The biggest thing I have found with latex is it sticking to things. I powder mine now before I pack. But if it is just sitting out in the open, I don't worry to much about it.


----------



## HauntCast (Jul 25, 2008)

Kick butt job!


----------



## Spooky1 (Aug 25, 2008)

Well dang, how did I miss this guy. He looks fantastic.
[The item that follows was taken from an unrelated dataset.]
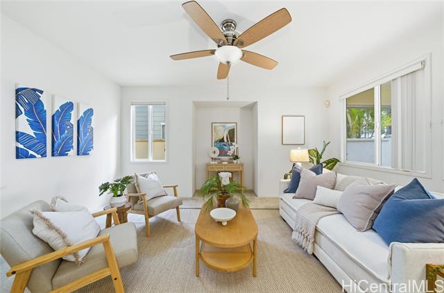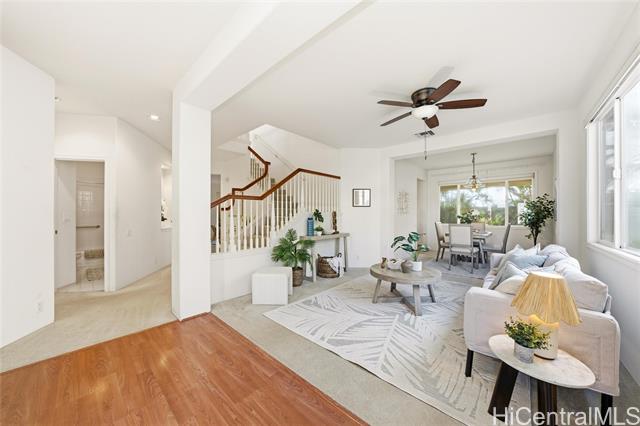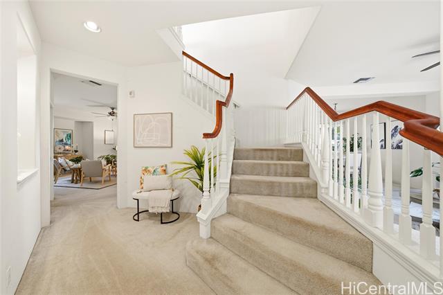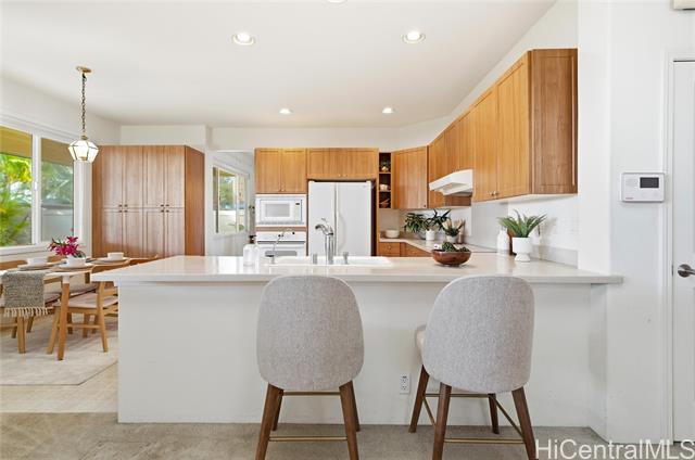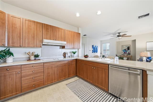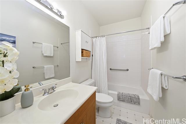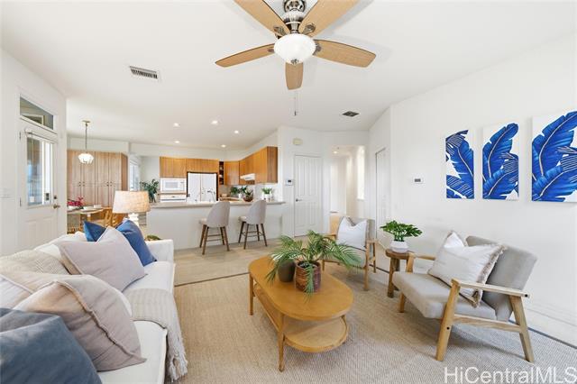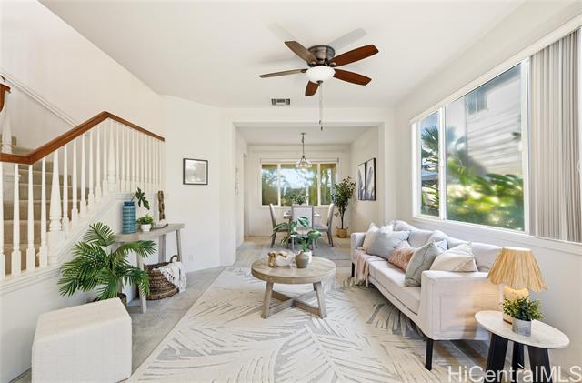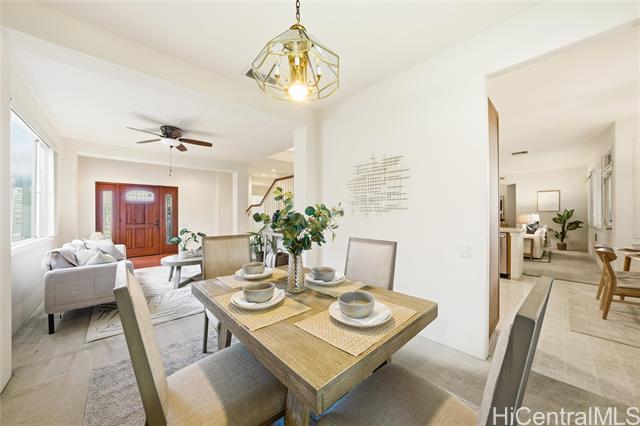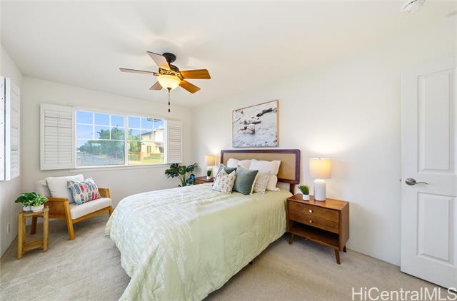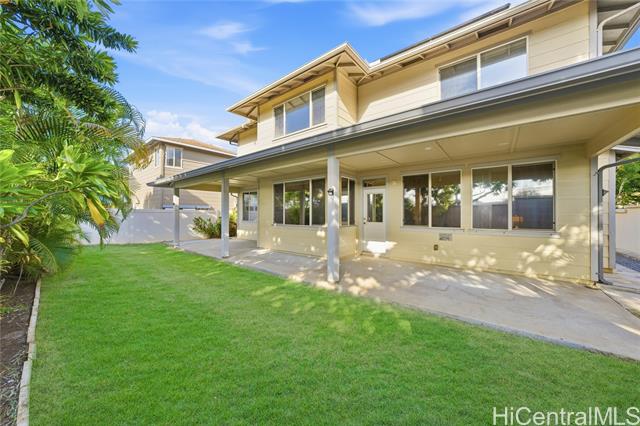 - Welcome to this spacious five-bedroom, three-bathroom single-family home in Ewa by Gentry Woodbridge. Step inside to an open and inviting floor plan with generous living areas filled with natural light. With five bedrooms, including one on the main level, this home provides flexible living options for multi-generational living, guests, or a home office. The primary suite features a spacious layout with an ensuite bathroom and a large soaking tub perfect for relaxation. The home features dual central AC units to keep your home nice and cool all year round while saving on your electric bill with 22 owned solar panels on the NEM program with HECO! The extended covered lanai is perfect for entertaining guests. Located close to the community center, pool, restaurants, shops, and more! Come see all this home has to offer!

I'm sure he looks even better with his eyes glowing in the dark.


----------



## DeadRN (Jun 21, 2010)

Amazing...makes me want a steak though!


----------



## bobzilla (Nov 13, 2008)

I like him, he's all "Meaty"


----------



## Dark Angel 27 (Sep 11, 2008)

I think we have prodigy in our midst! very awesome job, but are you sure this was your first try????

nice and creepy, and the eyes take it all to another deminsion!


----------



## Lilly (Jun 13, 2006)

good job Nib


----------



## shar (Jun 19, 2010)

Jiminy coakroaches!!! Awesome, do you give lessons? Wish I could corpse like that!!!!


----------



## niblique71 (Dec 2, 2009)

shar said:


> Jiminy coakroaches!!! Awesome, do you give lessons? Wish I could corpse like that!!!!


 Hi Shar, Actually it wasn't that difficult. Although I don't give lessons per say, Here is the "in progress" thread posted this past winter. It should help out. If you have any questions, don't be afraid to ask.

In Progress Thread http://www.hauntforum.com/showthread.php?t=20469


----------



## cerinad (Jun 23, 2008)

Wow. One day I'm gonna try one of these. I only hope my first attempt turns out as well as yours.


----------



## Glockink (Jun 28, 2010)

eyes are creepy!


----------